My analysis:  If the founder is still active in the business and is accessible to customers, then the reputation is upheld.  Dysfunctional family-run businesses reflect dysfunctional families.  Hiring blood relatives, in-laws and old friends is not always good business.  A few pull their share, and others coast on the certainty of nepotism.  Research shows the odds are against family businesses going past a second generation, for these and other reasons.  Tradition is a red flag expression because it implies that change has not occurred.  Nobody does things exactly as they did in the early days.  To say they do is deceptive to customers, employees and the good family name.
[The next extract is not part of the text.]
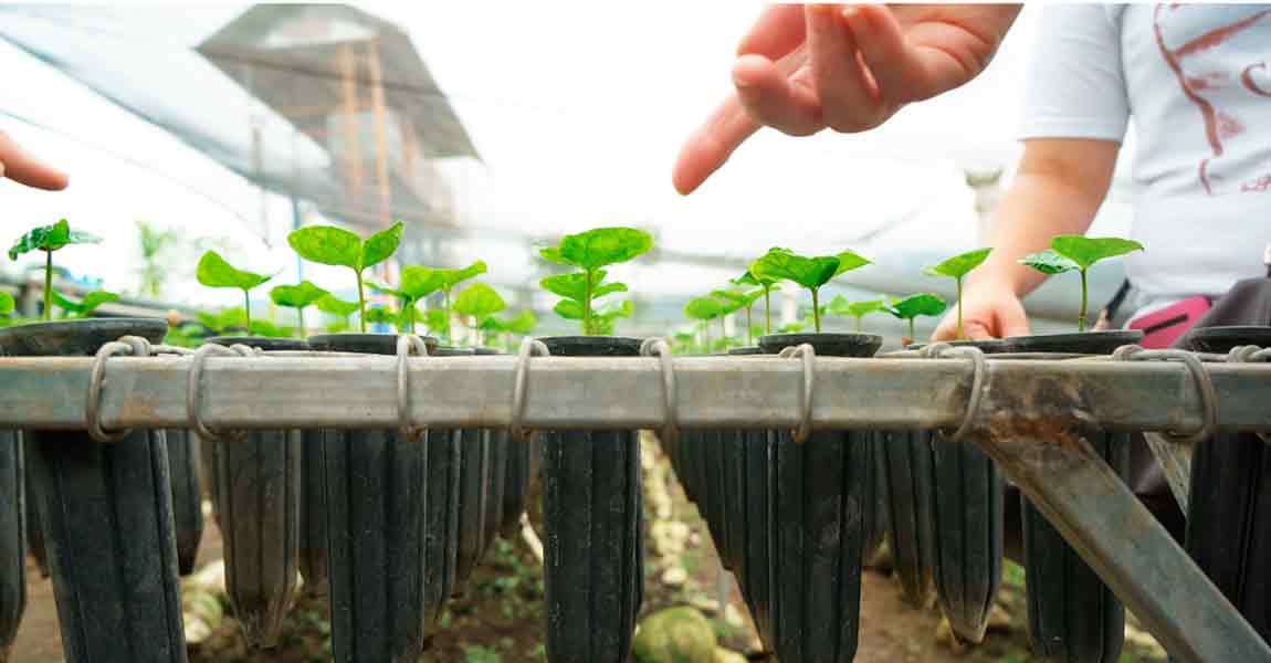 Otra de las ventajas es que se necesita menos sustrato por bolsa, el riego es fundamental para el éxito de la producción, utilizando micro aspersores y que se produzcan bajo sombra al 50%.

Real tradition is predicated upon change management and steady evolution of the business.

“#1 in Sales.”

What they’re really selling: You should buy from them, since so many others do.

My analysis:  #1 is for now.  Sales rankings constantly change.  To buy only because a company hypes that they are #1 is not a valid reason.  Buy what you want…from a company that you respect.  Also, if they’re #1, you’re just another sales statistic and customer service will suffer commensurately to the numbers behind whom you must stand in line.

“World Class.”

What they’re really selling: If you want to be associated with a winner, buy from them.

My analysis:  The organization that claims “world class” is trying too hard to be put in the league of others.  “World class” is not self-bestowed…it is earned via a long track record.

“Wealth and Riches.”

What they’re really selling:  Their product is all that you need.

My analysis:  There are no shortcuts to wealth and riches.  Nobody will give away their secrets.  Pyramid marketing schemes take advantage of failed hopes and ungrounded wishes.  As P.T. Barnum once said, “There’s a sucker born every minute.”

“For All Your Needs.”

What they’re really selling: Wanna-be syndrome.

My analysis:  No product or service fulfills all of a customer’s needs.  To suggest otherwise is narrow-minded.  The more self-assured business makes long lists of what it doesn’t do.  It knows and relishes its niche, without trying to be all things to all people.

“Fastest Growing.”

\My analysis: When a company says they are the “Fastest Growing,” beware!  These circumstances are likely in place, each of which will defeat their claims:

  1. Systems are not in place to handle rapid growth…perhaps never were.
  2. Their only interest is in booking more new business, rather than taking care of what they’ve already got.
  3. Management is relying upon financial people as the primary source of advice, while ignoring the rest of the picture (90%).
  4. Team empowerment suffers.  Morale is low or uneven.  Commitment from workers drops because no corporate culture was created or sustained.
  5. Customer service suffers during fast-growth periods.  They have to back-pedal and recover customer confidence by doing surveys.  Even with results of deteriorating customer service, growth-track companies pay lip service to really fixing their own problems.
  6. People do not have the same Vision as the company founder…who has likely not taken enough time to fully develop a Vision and obtain buy-in from others.
  7. The company founder remains arrogant and complacent, losing touch with marketplace realities and changing conditions.

Characteristics of Good Slogans-Campaigns

and, thus, Company Philosophy

  • Focus upon the customer.
  • Honor the employees.
  • Show business as a process, not a quick fix.
  • Portray their company as a contributor, not a savior.
  • Clearly defines their niche.
  • Say things that inspire you to think.
  • Compatible with other communications.
  • Remain consistent with their products, services and track record.